# This week's Cbid and Daily/Weekly Deal Hauls



## Acesfull (Dec 9, 2007)

My cigar curator... ok well my mom since she is taking care of my stuff while I am overseas sends me pics of my stuff as it comes in.. here is what I hauled in this week between Cbid, Daily deals, and a Weekly deal that came up at Famous-Smoke. She accidentally put in the box of Oliva "V" that was in another thread but oh well have to love the Oliva "V"s



















Free Samplers that came with my RP Cuban Blend purchase


----------



## azpostal (Jul 12, 2008)

Wow that's one giant haul!


----------



## zitro_joe (Oct 6, 2008)

Nice stuff.

Wait a minute. You have a new cab Humi - that your brother setup- and your mom is taking care of your stash while youre gone. You have a cigar catering service over there. Can I hire them when I deploy?


----------



## ProBe (Jan 8, 2009)

Great haul Acefull.


----------



## Cypress (Jun 27, 2007)

I am jealous!!!!


----------



## Acesfull (Dec 9, 2007)

zitro_joe said:


> Nice stuff.
> 
> Wait a minute. You have a new cab Humi - that your brother setup- and your mom is taking care of your stash while youre gone. You have a cigar catering service over there. Can I hire them when I deploy?

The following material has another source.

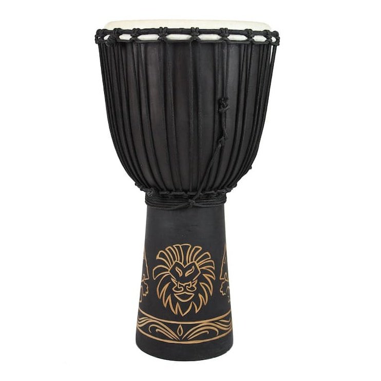 Origins Series Lion Djembe - Hand Carved from a single piece of environmentally friendly, plantation grown mahogany.
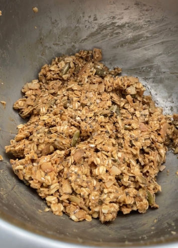 Optional step: Toast your oats (and nuts if raw) in a 350-degree F (176 C) oven for 10-15 minutes or until slightly golden brown. Otherwise, leave them raw. (I prefer the toasted flavor)

I dont know if they have catering branches in Texas but I can ask


----------



## zitro_joe (Oct 6, 2008)

Acesfull said:


> I dont know if they have catering branches in Texas but I can ask


Ha, I was more or less commenting on your family hooking you up while you are deployed. I live in Tucson now, many of my friends have offered to "watch" my collection while I am gone. Yeah right...


----------



## Acesfull (Dec 9, 2007)

lol im sure they'll watch it.. for a small "fee" of course lol

yeah my brother is awesome.. I did bomb him with a 1000ct Lauderdale Humi and a Hydra SM for his bday from cheaphumidors for helping me out.. looks awesome in his man room


----------



## Buddha024 (Jul 31, 2008)

Quite a haul there. Congrats and take care of yourself.

:ss :w :ss


----------



## Vinnie (Nov 27, 2008)

Damn nice haul you have waiting for your return. I would offer to store them for you, but you might have to lock and load when you see I couldn't help myself.

Stay safe!
Vinnie


----------



## Scott W. (Jul 10, 2008)

Sweet! enjoy them!! Get home safe!


----------



## big04deuce (May 16, 2008)

Holy [email protected] that is an awesome haul there! Thanks for sharing the pics.


----------



## tx_tuff (Jun 16, 2007)

DAMN thats just freaking crazy right there! Hope you had room for all of them.


----------



## ashmaster (Oct 10, 2008)

WOW, that's friggin awesome.


----------



## karmaz00 (Dec 5, 2007)

wow grea pickups


----------



## Dom (Jan 19, 2008)

Beautiful


----------



## darkninja67 (Feb 7, 2009)

Get home soon so you can smoke em all.


----------